Job Description
D·engage was founded and is led by MarTech SaaS veterans who have decades of experience growing multiple SaaS companies from the ground up. To achieve our target of growing to a $200 million company within the next 24 months, we are looking for SaaS Service Resilience Manager as part of our technology team, who are agile, results driven, customer obsessed and love learning!
This position provides a valuable opportunity for a software developer to enhance their expertise and contribute to impactful projects. Here are the responsibilities for this position:
Key Responsibilities:
• Resilience Planning and Strategy:
- Participate in developing and implementing a comprehensive service resilience strategy for all SaaS products.
- Participate in designing and maintaining disaster recovery and business continuity plans.
- Conduct regular risk assessments and impact analyses to identify vulnerabilities and mitigate risks.
• Ownership of Production Environment:
- Take ownership and be responsible for the production environment, including cloud and on-premise infrastructure.
- Monitoring of production environments in collaboration with the VP of Development.
- Work with the VP of Security to ensure the security of the production environment.
• Team Building and Improvement:
- Build and lead a high-performing resilience team, continuously improving its quality.
- Train and improve the quality of technical support teams, including preparing training materials.

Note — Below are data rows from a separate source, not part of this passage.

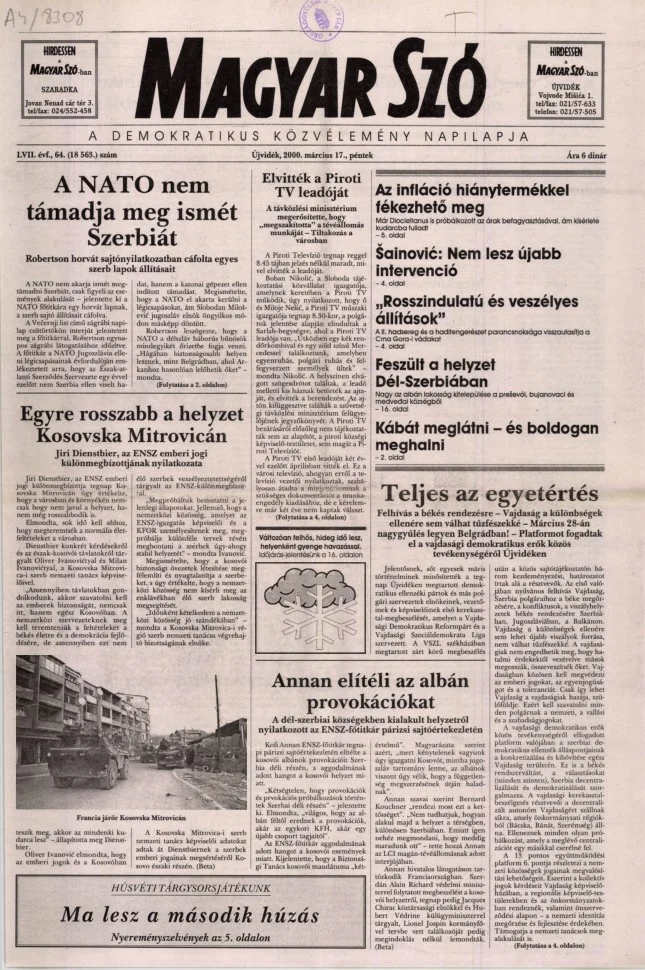 Magyar Szó, 57. évf. 2000. március 17. 64. sz. 1–16. oldal
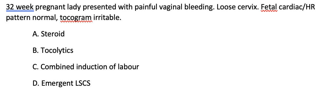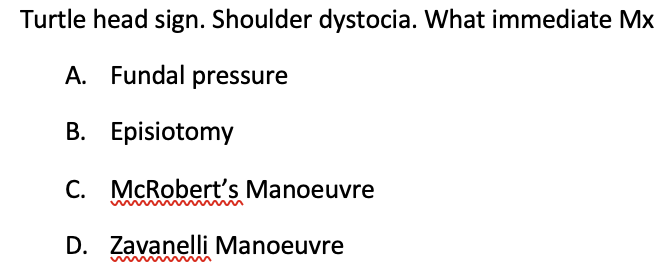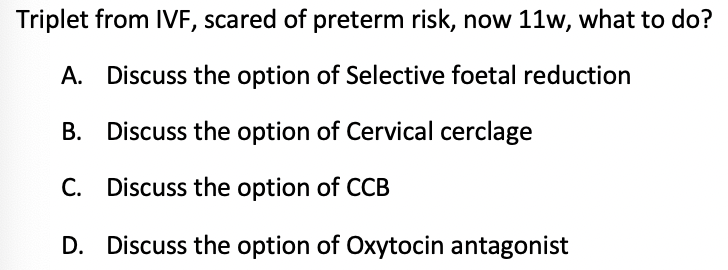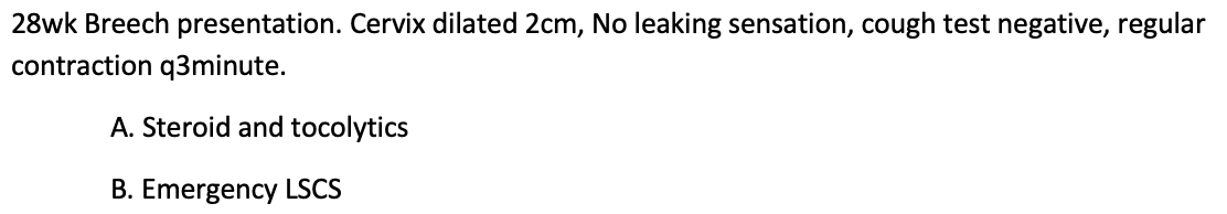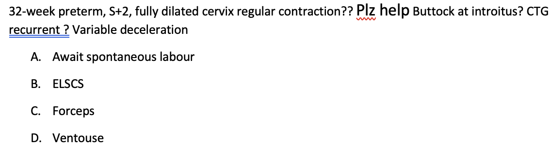C if normal cephalic presentation (easy as low down. Cannot do Ventouse as preterm baby. Cannot do LSCS as baby is too low)
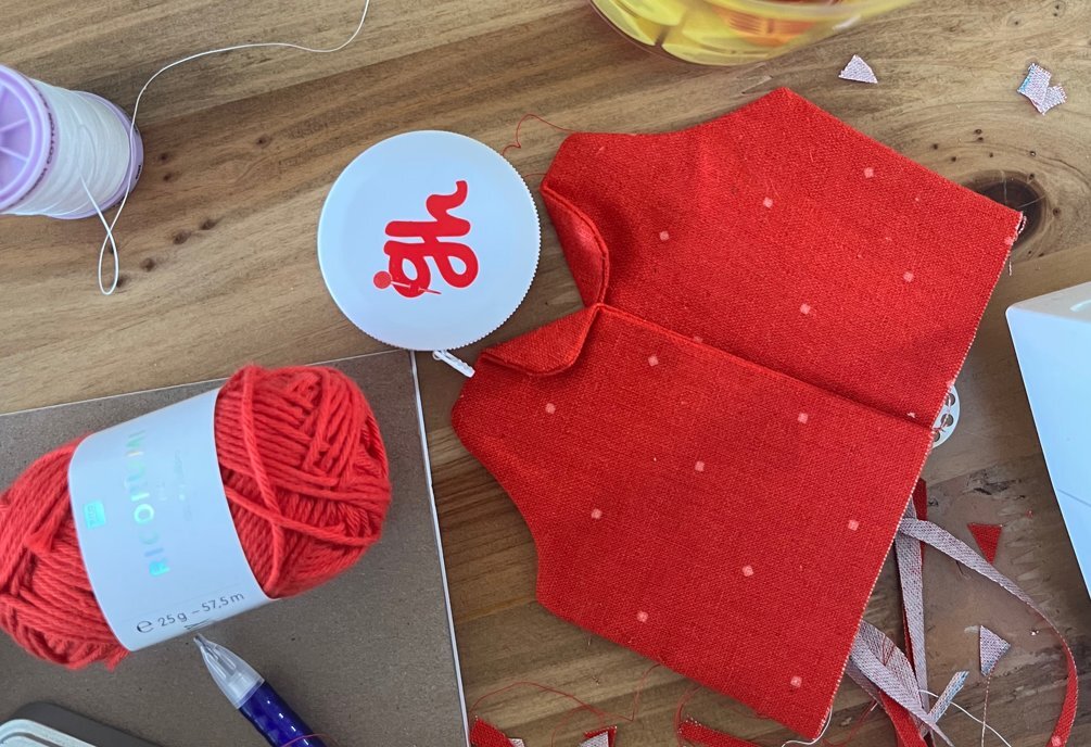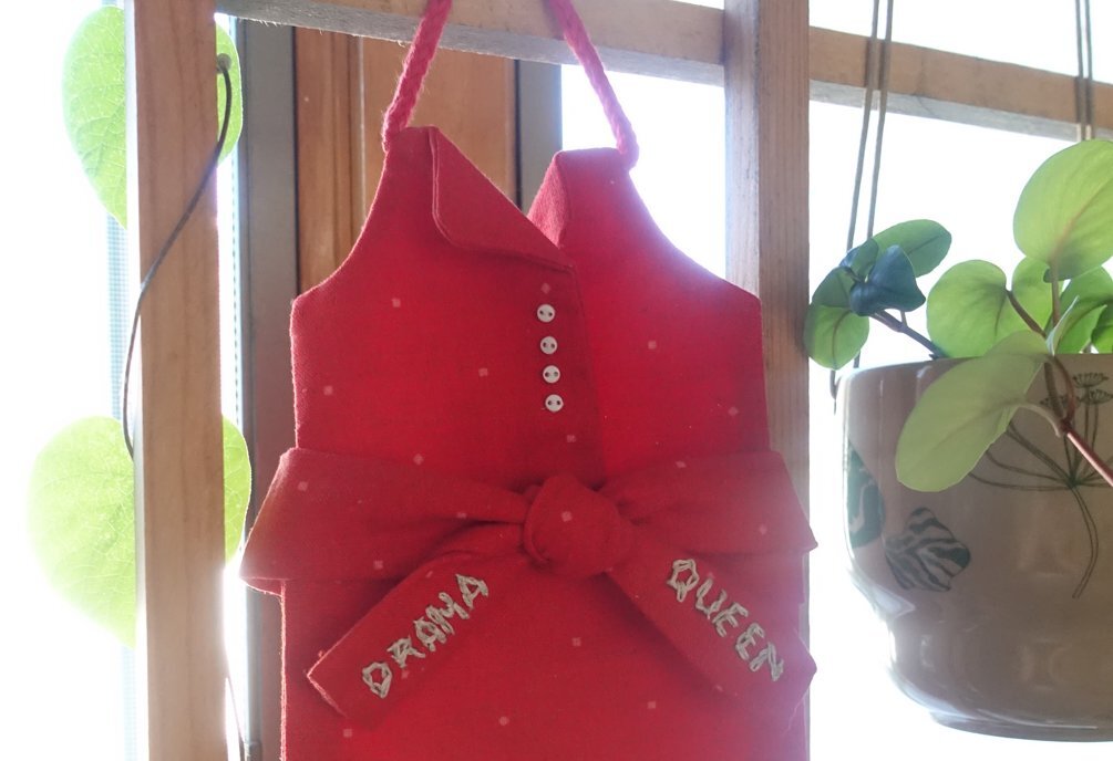 The jumpsuit is a cape-like garment that can be secured around the neck with a tie and under the belly with an adjustable velcro belt. Uma (pictured) approves.

- Provide feedback to teams in problem detection and troubleshooting steps (logging, monitoring, health checks).
• Service Monitoring and Incident Management:
- Establish and manage robust monitoring systems to detect and respond to service disruptions promptly.
- Lead incident response efforts, including root cause analysis, resolution, and post-incident reviews.
- Develop and maintain incident response playbooks and procedures.
• Infrastructure and Performance Optimization:
- Collaborate with IT and engineering teams to design resilient infrastructure and applications.
- Implement redundancy, failover, and load balancing strategies to ensure high availability.
- Continuously monitor and optimize system performance, capacity, and scalability.
• Collaboration and Communication:
- Assist product and development teams in analysis when necessary.
- Analyze large-scale bugs and transfer them to the relevant teams.
- Troubleshoot problems over servers with teams when necessary.
- Provide regular updates on service resilience status, metrics, and improvements to stakeholders.
• Bug Fixing:
- Realize small-scale bug fixes (at least 3 year coding experience required)
- Analyze large-scale bugs and coordinate with relevant teams for resolution.
• Compliance and Documentation:
- Ensure compliance with relevant industry standards and regulations.
- Maintain comprehensive documentation of resilience strategies, processes, and incident responses.
- Participate in audits and reviews as required.
Requirements- Bachelor's degree in Computer Science, Software Engineering, or a related field.
- Proficiency in .Net framework
- Strong knowledge of servers such AWS, Azure and Independent on-site server
- Familiarity with version control tools like Git.
- Experience with high complex L3 queries and solutions related to server and its scalability.
- Interest and enthusiasm for technology processes.
- Collaborative skills and a predisposition for teamwork.
- Must be accountable and committed to the job.
- Willingness to learn and adaptability to new technologies.
- Fast learning ability and problem-solving skills.
- Effective communication skills and analytical thinking ability.
BenefitsWe provide,
- Competitive salary
- Meal allowance
- Health insurance
- Flexible working hours
D.engage is an equal opportunity employer committed to diversity and creating an inclusive workplace.